0
votes

I'm struggling to find a way to create a new dynamodb table from a csv file. I can create the table, but I need to be able to define the schema using the csv.

What I've attached creates the table but I have to predefine the schema. I want the lambda function to read the csv file and build the table schema based on that.

import os
import boto3
import botocore.session

region = os.environ.get('AWS_DEFAULT_REGION', 'us-east-1')
session = botocore.session.get_session()
dynamo = session.create_client('dynamodb', region_name=region) 


s3 = boto3.client('s3')
dynamodb = boto3.resource('dynamodb')

def lambda_handler(event, context):
    bucket = event['Records'][0]['s3']['bucket']['name']
    key = event['Records'][0]['s3']['object']['key']
    obj = s3.get_object(Bucket=bucket, Key=key)
    
    row = obj['Body'].read().decode("utf-8"). split ('\n')
    cols = obj['Body'].read().decode("utf-8"). split('\n')[0].split(',')

    table = dynamodb.Table(key)
    dynamodb.create_table(
      TableName=key.strip('.csv'),
      
      KeySchema=[
          {
              'AttributeName': 'first',
              'KeyType': 'HASH'
          },
      ],
      
      # mytable.meta.client.get_waiter('table_exists').wait(TableName=key)
      # print('Table is ready, please continue to isert data.')
      
      AttributeDefinitions=[
          {
              'AttributeName': 'first',
              'AttributeType': 'S'
          },
      ],
    )
2
You would need to provide an example of your csv, or its mock version, and expected output in DdB. Also can you explain what's wrong with what you are attempting? Any error messages? - Marcin
Are the columns in the CSV file always the same, or are you saying that you want the attribute names to be defined by the Header row in the CSV file? - John Rotenstein
The columns in the csv file may not always be the same. - CDe

2 Answers

0
votes

you can use python in lamda to read the csv header and create dynamic code

refer below: Reading column names alone in a csv file

Hopefully the key is static or you know how to extract key from the csv. Rest you should be able to string together.

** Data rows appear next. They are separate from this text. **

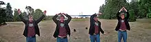 The YMCA dance demonstrated in a photomontage. In this rendition, the M (second from left) is done in a popular variant.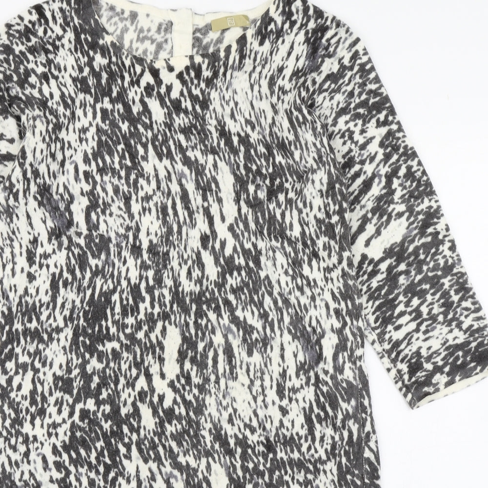 TU Womens Multicoloured Animal Print Acrylic Jumper Dress Size 14 Round Neck Button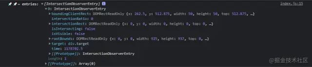((doc) => { //回调函数 const callback = (entries, observer) => { console.log('🚀🚀~ 执行了一次callback'); console.log('🚀🚀~ entries:', entries); console.log('🚀🚀~ observer:', observer); }; //配置对象 const options = {}; //创建观察器 const myObserver = new IntersectionObserver(callback, options); //获取目标元素 const target = doc.querySelector(".target") //开始监听目标元素 myObserver.observe(target);})(document)我们把这两个参数打印出来看一下,可以看到,第一个参数是一个数组,每一项都是一个目标元素对应的 IntersectionObserverEntry对象,第二个参数是观察器实例对象 IntersectionObserver 。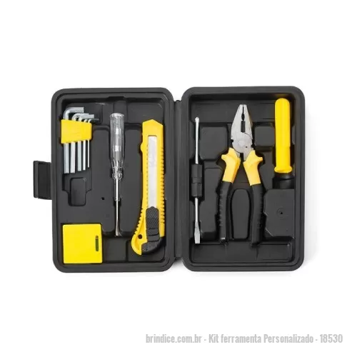 Kit Ferramenta 11 Peças Em Estojo Plástico. Maleta Plástica Com Detalhe Retangular No Centro Frontal E Verso Com O Detalhe Na Lateral Inferior, Possui Texturização No Estojo E Uma Trava Superior. Acompanha: Conjunto De 5 Chaves Allen, Trena De 1 Metro, Chave Teste, Estilete, Chave Dupla(phillips E Fenda), Alicate E Cabo Plástico Para Encaixe Da Chave Dupla.. Veja mais: Kit ferramenta personalizado... Kit ferramenta, estojo de ferramentas, maleta, 11 peças

The output of this Python based header extraction can then be used as an input file for the java based table creation script or i would say use the shorthand code as that be easy to stitch together in python dynamically refer AWS blog for shorthand sample codes here https://docs.aws.amazon.com/cli/latest/reference/dynamodb/create-table.html

0
votes

I'd see what you can borrow from this blog post on the AWS database blog about doing just this.